Workflow at Scale: 50, 500, 5,000 Employees
The verification checklist scales differently at 50, 500, and 5,000 employees.
Up to 50 employees: paper or PDF receipts collected once a year (typically January–February) work fine. A simple folder structure per financial year, sub-folder per employee, suffices. A single HR person can run the full checklist in one sitting.
50 to 500 employees: manual scaling breaks down. Most companies move to a payroll software with a Form 12BB upload portal. Receipts are still collected per employee; the portal tracks completion. Run the eight-point checklist as a sample audit on 10–15% of submissions. Spot checks catch most errors.
500-plus employees: verification must be embedded in the payroll workflow with mandatory fields, format validation at upload, and PAN-pattern matching automated. CBDT scrutiny on companies of this size focuses on the employer's process, not individual receipts.

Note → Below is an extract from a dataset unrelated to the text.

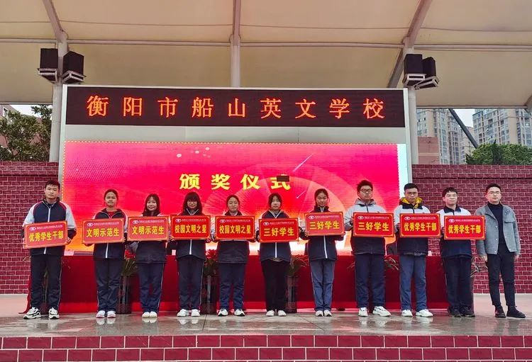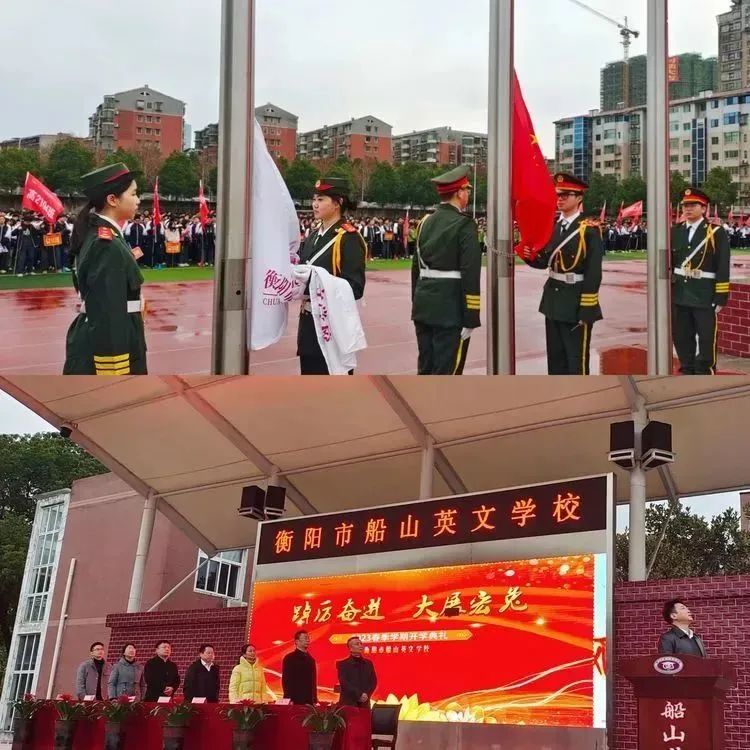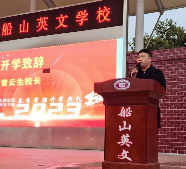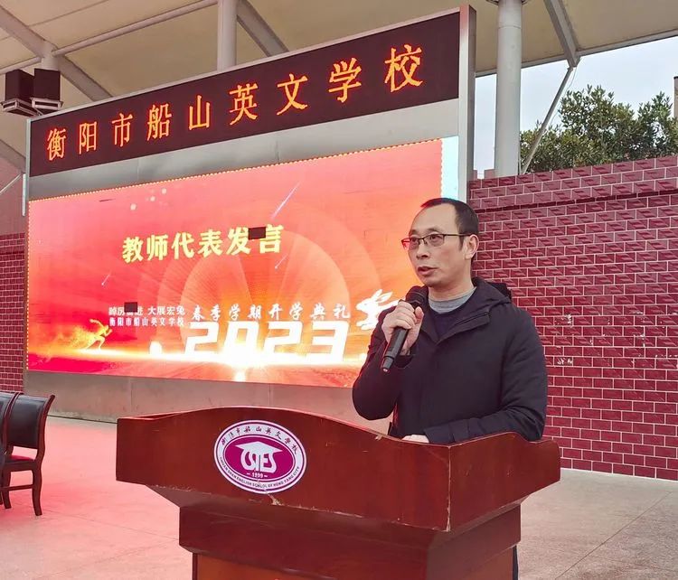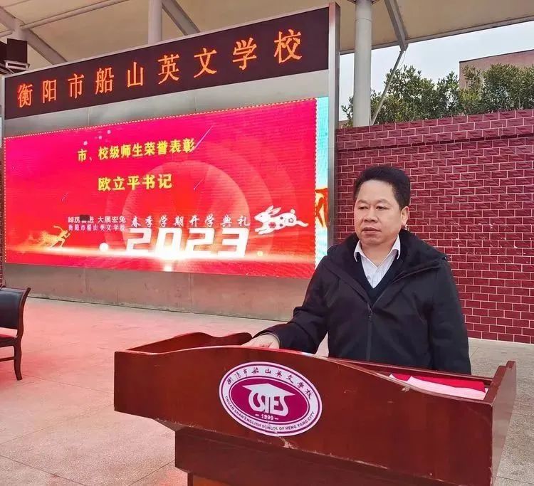 草长莺飞二月天 拂堤杨柳醉春烟 生命在茁壮成长 梦想在蓄势待发 让我们迎着春光 眺望山河远阔 齐心携手向未来 打造“雁城北片最具影响力的学校”! 2月13日上午8:08分,我校2023年春季开学典礼在运动场隆重举行。学校党总支书记欧立平、党建工作指导员李良慧、校长曾云生、副校长尹春、纪检委员彭青、副校长王再平、党总支副书记邓怡龙、副校长颜一新莅临典礼现场。副校长王再平主持开学典礼。 国旗冉冉升,激情少年志;国歌声声唱,自豪中国心。注视着猎猎飘动的国旗,倾听着雄壮激荡的国歌,全体师生精神焕发,激情满怀。在一片祥和喜庆中,衡阳市船山英文学校2023年春季开学典礼暨表彰大会隆重开幕。 扬帆起航,奋发“兔”强新征程 青春正当时,最美船英人!曾云生校长为新春开学典礼致辞。他用精准的数据总结了学校教育教学取得的各项成绩,向全体师生宣讲学校新拟的三年发展规划——打造雁城北片最具影响力的学校,并围绕着这一目标提出期望。曾云生校长寄语同学们:要对生活、对学习充满热爱,让“热爱”成为我们生活的主旋律。“非热爱无以致极,非坚持无以永恒”,在热爱中感受生活之美,在热爱中培养健全的人格,在热爱中铸就自己的风骨;要让理想成为我们精神的主旋律。理想是晨星指引,是矢志不渝,是成长路上的不懈坚持;要让知识成为我们创造的主旋律。希望同学们以知识涵养人生,让知识成为创新成长源泉,追求知识高地,让自己的人生散发出耀眼的光芒。 表先进 树榜样,“兔”围而出 欧立平书记宣读“衡阳市优秀教师及先进个人”“衡阳市优秀学科教师”“衡阳市优秀班主任”教师表彰名单、学生表彰名单。 与君共勉,“兔”飞猛进 高中部阳海斌老师代表全体教师发言。他用朴素简洁的言语,抒发了全体老师喜迎新学期,奋斗新征程的教育情怀;表达了不负时代使命,永葆教育本色的决心;同时,他深情寄语广大同学:心怀理想,勤奋学习,勇于创新,争做时代好少年! 待你归来,前“兔”似锦 2007班的席玉麟同学代表全体学生发言。席玉麟同学是船山英文学校以小初高贯通式模式培养出来的优秀代表,他畅谈了自己成长在“花藤爬满墙”“池亭菡萏香”的美丽船英的美好体验,表示要永远怀揣着“为中华崛起而读书”的宏图远志,决心高筑理想,勤学深思,积极进取,做人生追梦人,时代开拓者。不负师友,不负学校,不负国家,不负未来!他号召所有同学们坚定信心,矢志求真,以奋斗为经,理想为纬,织就青春灿烂如锦;以汗水浇灌,刻苦为基,铸就人生华美如诗! 青春飞扬,大展宏“兔” 新年新景,新岁新进,寒尽春来又一新,笑看我学铿锵行!让我们扬帆起航,乘风破浪,如兔脱跃而起,如鹰飞扬而上,以青春之姿,舞出船英最美风采,以奋进之声,唱响船英最亮旋律!

At every scale, the upstream problem is the employee submitting receipts that are non-compliant in the first place. The HR team's time goes into rejecting incomplete submissions and chasing corrections. For HR teams managing 50-plus employees, the corporate bundle gives the whole team access to compliant rent receipt, salary slip, payment receipt, GST invoice, and kaccha bill generators under one access code. The upstream receipts arrive Rule 26C-ready, removing a major source of rework. Plans start at Rs. 499 for 100 credits on a 45-day wallet.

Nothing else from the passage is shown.